▼▼▼

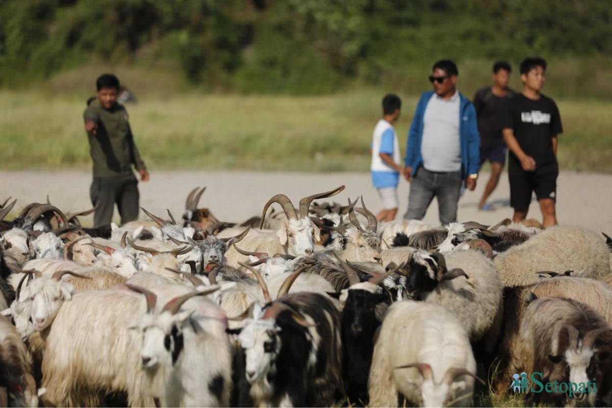 दसैंमा मासु खानका लागि ल्याइएका च्याङ्ग्राको आइतबारदेखि बिक्री सुरू गरिएको छ। ब्यापारीहरूले तिब्बतबाट पनि च्याङ्ग्रा ल्याएको बताएका छन्।
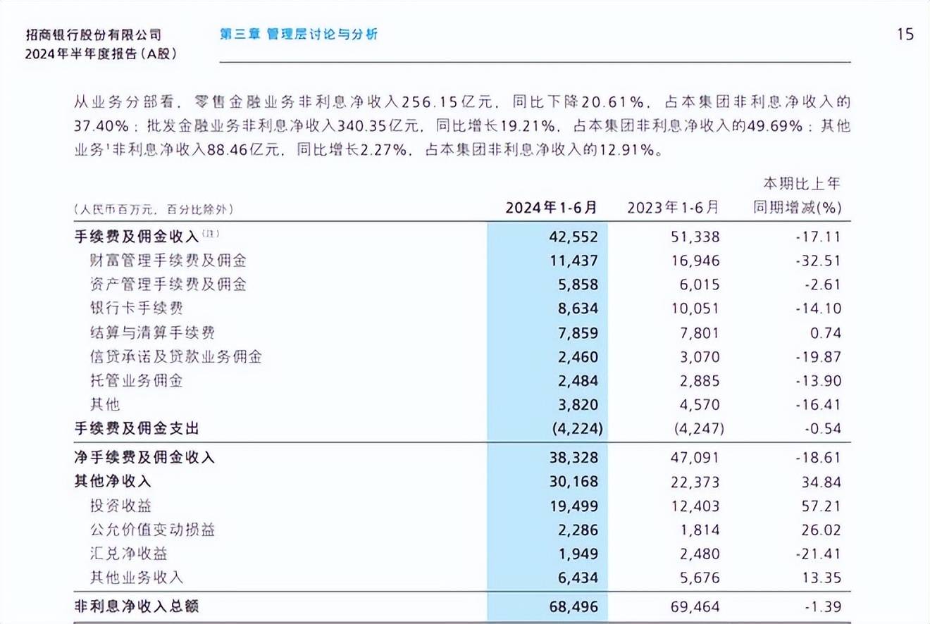 非息收入的疲态,体现在手续费和基金佣金等招商银行传统优势项目业绩失色。上半年,招商银行净手续费及佣金收入383.28亿元,同比下降18.61%;其中占比最多的财富管理手续费及佣金收入114.37亿元,也是下降幅度最大的一项,同比下滑了32.51%。
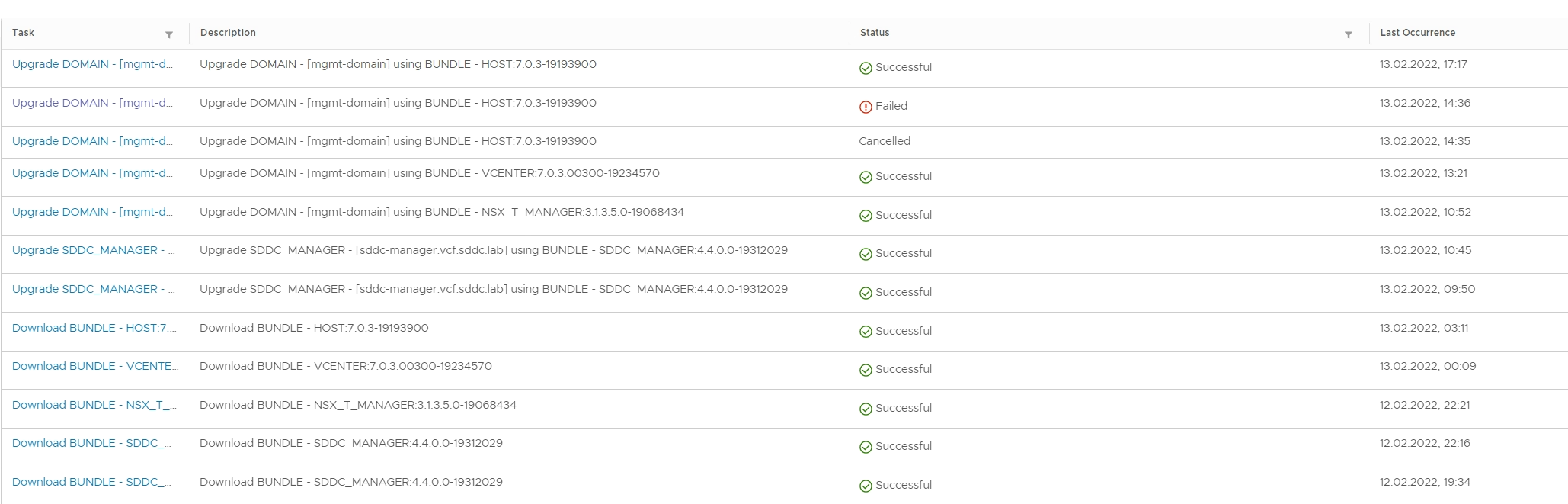 I downloaded and installed all the update bundles in the order dictated by SDDC Manager, and everything went well except for the first ESXi host upgrade:

▲▲▲

| Exercise description |
Nothing but the pictures is to be left out; repeat the data exactly.

| Response to this task |
 दसैंमा मासु खानका लागि ल्याइएका च्याङ्ग्राको आइतबारदेखि बिक्री सुरू गरिएको छ। ब्यापारीहरूले तिब्बतबाट पनि च्याङ्ग्रा ल्याएको बताएका छन्।
 非息收入的疲态,体现在手续费和基金佣金等招商银行传统优势项目业绩失色。上半年,招商银行净手续费及佣金收入383.28亿元,同比下降18.61%;其中占比最多的财富管理手续费及佣金收入114.37亿元,也是下降幅度最大的一项,同比下滑了32.51%。
 I downloaded and installed all the update bundles in the order dictated by SDDC Manager, and everything went well except for the first ESXi host upgrade:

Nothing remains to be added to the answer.